I'd like to see a benchmark showing a B-tree beating an array with the correct layout. I think you only want a tree if you also want to update the array.
You can implement your B-tree as an array if that's what you like. The advantage of the B-tree-like-layouts is that you need fewer indirections. With binary search you do one node jump per comparison. With a B-tree you do one jump per N comparisons.
Of course, the detail is in trying it out, intuition does not always capture hardware behavior. I remember looking at this many years ago and B-trees were considerably faster. The code was far from being optimal though. Maybe if one pulls all tricks in the book the additional complexity of managing multiple comparisons will outweigh saving from reducing loads.
For a perfect drop-in replacement of std::lower_bound, the best you can do without breaking anything is to make the search branchless and maybe add some prefetching [1]. Some compilers actually try to implement std::lower_bound this way, but these things can sometimes break from version to version because there are no semantics to reliably make compiler use predication instead of branching.
Your intuitions are very much correct: you can get rid of pointers in a B-tree and make it static and implicit and fast, especially if you use SIMD to search for the lower bound within a node [2], but it would technically not be a replacement to std::lower_bound as we need to build an additional structure (even though it's very hard to imagine a scenario where you obtain a sorted array but can’t afford to spend linear time on preprocessing). C++23 has since added std::flat_set, which seems to be an appropriate place to implement it (in the article I compared against std::lower_bound because neither I nor the vast majority of the readers knew what std::flat_set was).

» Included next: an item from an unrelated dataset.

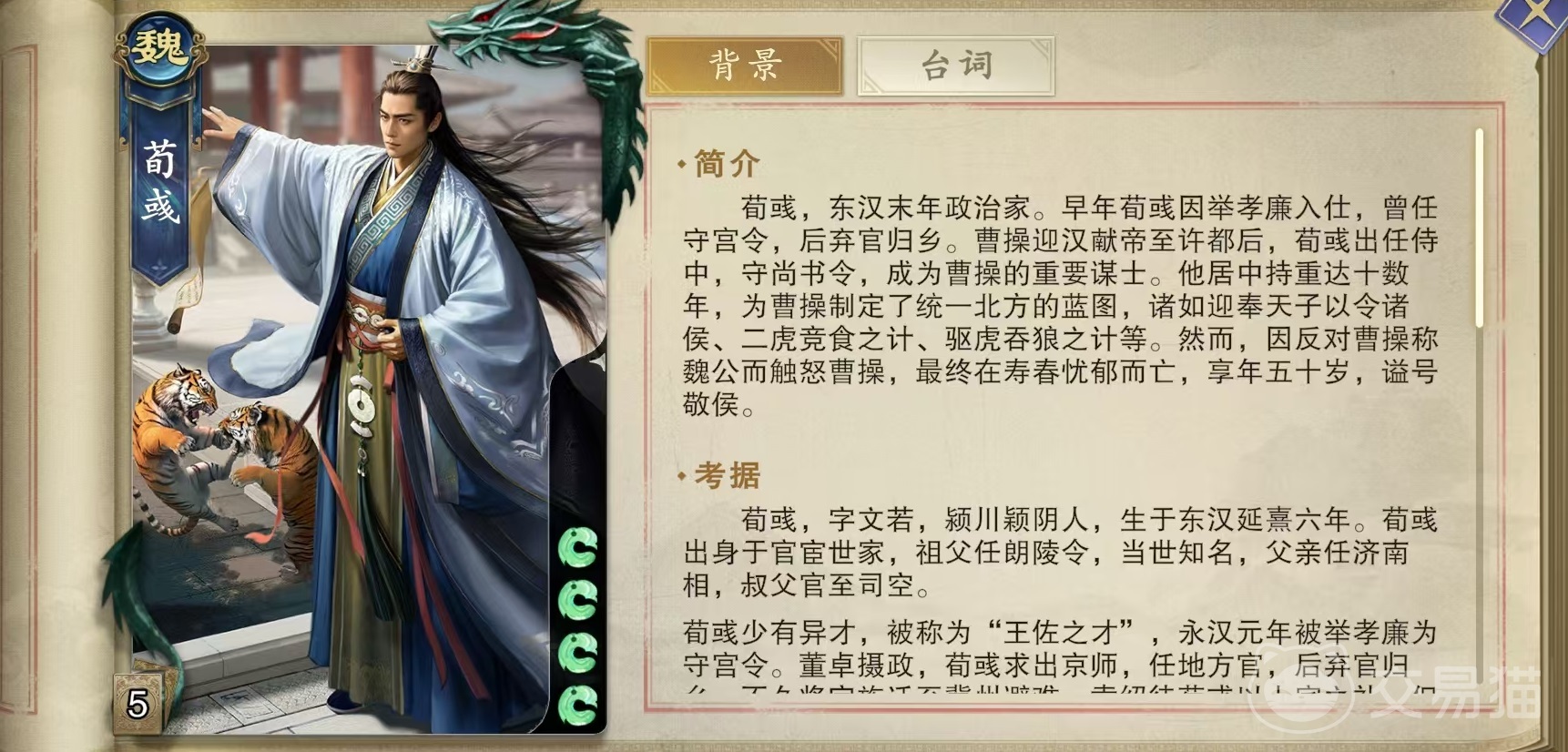 看到这里大家就知道代号杀荀彧技能有哪些了吧,三个技能中有两个都是限定技,足以说明这些技能效果非常强大,一旦使出来就可以使场上的局面瞬间出现逆转。当然这也给使用者带来了更大的压力,一定要找准机会使用。

You can also add pointers back to support insertion and deletion with a moderate penalty to performance [3], but this dynamic B-tree is also technically not a replacement to std::set because of the extra pointer invalidations when a node merges or splits (even though in most cases you don't need pointer stability). You can fix it by, e.g., storing separate pairs of pointers so that each iterator knows where its key is in the tree and vice versa. That would add some overhead (especially in terms of memory) but make it compliant with the standard and still quite a bit faster and lighter than std::set.
The three articles combined are like 50 pages long so for a tl;dr version you might be interested in a talk I did at CppCon [4]. You can also extend the trick for heaps, ropes, segment trees, and other tree-like structures. There is a lot of work to be done here.

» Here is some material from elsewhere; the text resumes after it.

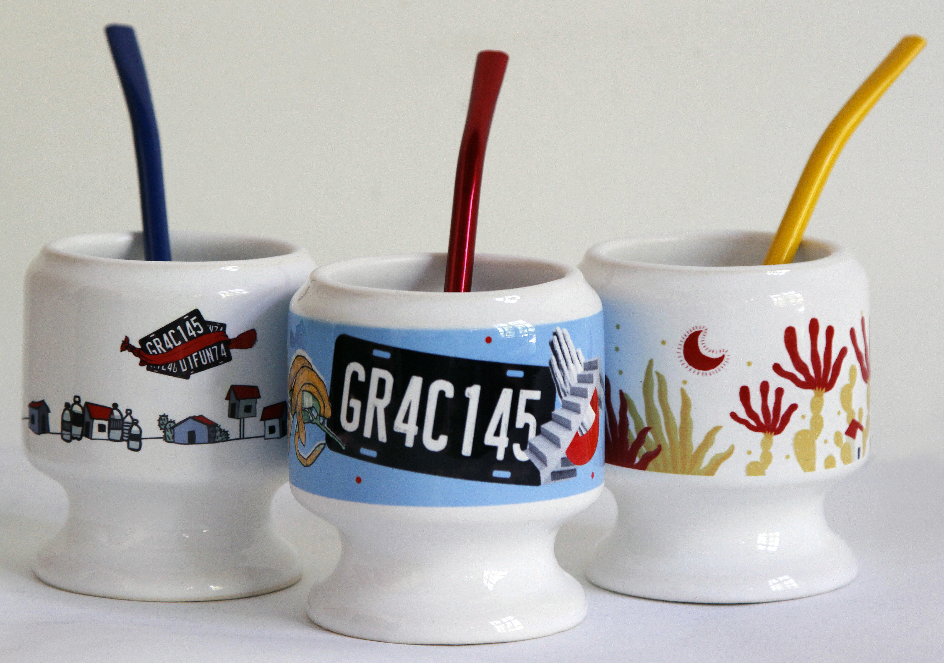 Entonces llegó la hora de concretarlo. Se “asociaron” con 10 emprendedores locales que siguieron al pie de la letra cada uno de los diseños para estas cien piezas diferentes, entre las que hay mochilas, remeras sublimadas y serigrafiadas, bolsos materos con sus equipos (latas, mates y bombillas), mantelitos y lonas, tazas de cerámica, jarros térmicos, estuches, pañuelos, libretas, cuadernos, postales y láminas, pines, espejos, abridores, llaveros, imanes, joyas (dijes de plata con resina, acrílicos), etc.

First, what a great resource you've put together! You're presenting a lot of useful material clearly and concisely, together with the reasoning behind it. I wish I had this when I started doing performance work.
> For a perfect drop-in replacement of std::lower_bound, the best you can do without breaking anything is to make the search branchless and maybe add some prefetching [1]. Some compilers actually try to implement std::lower_bound this way, but these things can sometimes break from version to version because there are no semantics to reliably make compiler use predication instead of branching.
What's imperfect about a radix-4 (or higher) search instead of a binary search for replacing std::lower_bound? For a radix-k search, you'll have k-1 fetches in flight before you decide which subarray to recurse on, and your dep chain will be log_2(k) times shorter.
When you add prefetching (that is, compare against the middle element and fetch both the middle of the left half and the middle of the right half ahead of time) you are essentially doing radix-4 search, just with fewer actual comparisons.
(You can prefetch k layers ahead for radix-2^k search, but searching in small arrays will become more expensive this way.)
I didn't benchmark it, but I guess on mid-to-large arrays it would actually work somewhat slower than prefetching because it is more instruction-heavy, and, more importantly, prefetches are "cancelable": if the memory bus is too busy with actual requests, they will be skipped, while in explicit radix-k search you would have to wait for all (k-1) elements even if the middle element happened to be already cached and you already know which elements you need next.
That said, it could probably work with small arrays where caching is not a concern and especially if you optimize for latency and not throughput. You can also try to do the comparisons with SIMD (Wojciech Mula tried something similar and got a small boost: http://0x80.pl/articles/simd-search.html).
Thanks, this is great! I think this conversation is a great illustration for the idea that data structures can be seen as more fundamental than algorithms.